Wednesday, December 26, 2012

Supper club in Sedona


I had an unusual Christmas Eve this year. My sister, whom I’m visiting in Sedona for the first time, arranged for us to go out to a “supper club” holiday dinner.

It’s sort of a mix between dinner theatre, a night club and the early-bird special. There was a four-course dinner and then a small, uh, entertainment group (singers, instrumentals and really, really bad patter). Evidently it was the first time this particular establishment has done this, and they hadn’t quite worked out the pre-show organizational bugs, but the food was actually quite good and the musicians were accomplished.

What they didn’t explain was that, in order to get more people into the venue, which isn’t that big, if you were a party of two, they sat you with another party of two. When we arrived at our table, we found that a (retired) couple from Seattle were already ensconced there and had eaten all the choice bits from the cheese platter.

This pot luck seating is one of the reasons I’ve never fancied taking a cruise. (The other one is that I am not what they call a good sailor and I’ve never seen the point in paying money to spend all my time hanging over the rail, if you catch my drift.) To be seated for five hours (less the 90 minutes of the two musical sets) with a prime example of the self-absorbed, self-satisfied inhabitants of the Emerald City was just plain mean.

In all the time I was there, the husband (John) asked me exactly one question about myself—where in the Bay Area I come from.
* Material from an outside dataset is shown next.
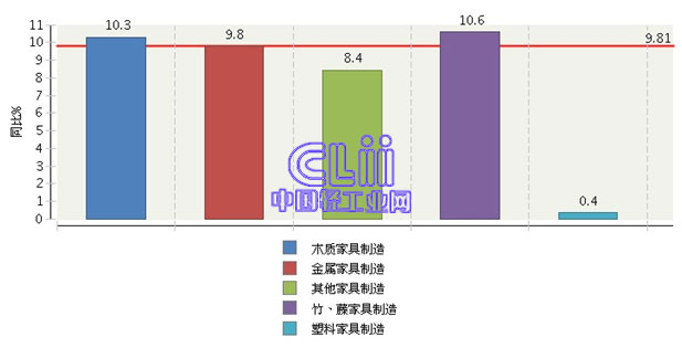 图5 2015年1~11月家具子行业规模以上企业累计主营业务收入增速情况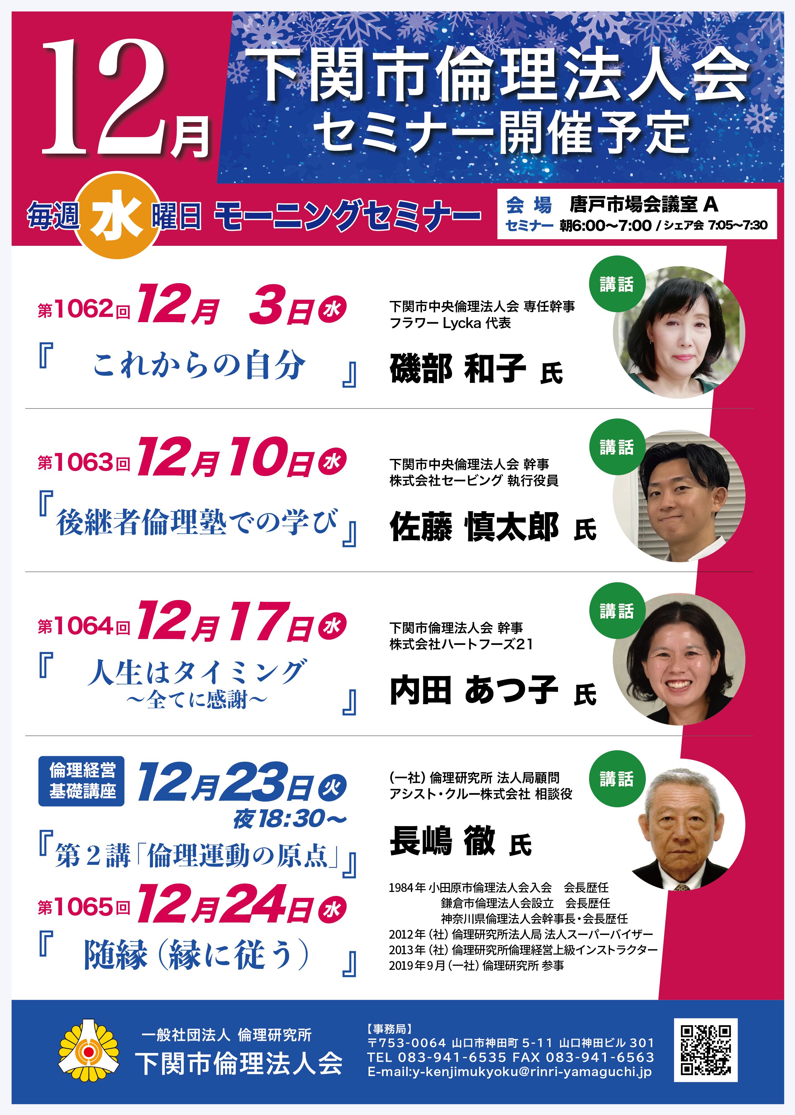 2025年12月3日(水) Mセミナー第1062回 MS 講師:磯部 和子 氏(下関市中央倫理法人会 専任幹事 / フラワー Lycka 代表) /テーマ:これからの自分 2025年12月10日(水) ...

That was just a foil for him to go off at great length about how he and the wife always go to San Francisco, “which is really comparable to Seattle, although it’s not as big”.

Oh, in his bleeding dreams.

The entertainers are obviously well-known to the audience—I expect that in a town the size of Sedona, people get to know the local performers. (The Seattleites assured me that there’s a massive music scene here.) Plus—the fans were clearly well-oiled.

It was actually an enjoyable experience once I got over the whole bad-PNW-fairy thing. Definitely an experience I would ordinarily not have touched with a barge pole. So, hurrah for the Christmas spirit.

Today I’m on my way back to the Bay Area, glad for the break, for seeing my sister and for trying something different.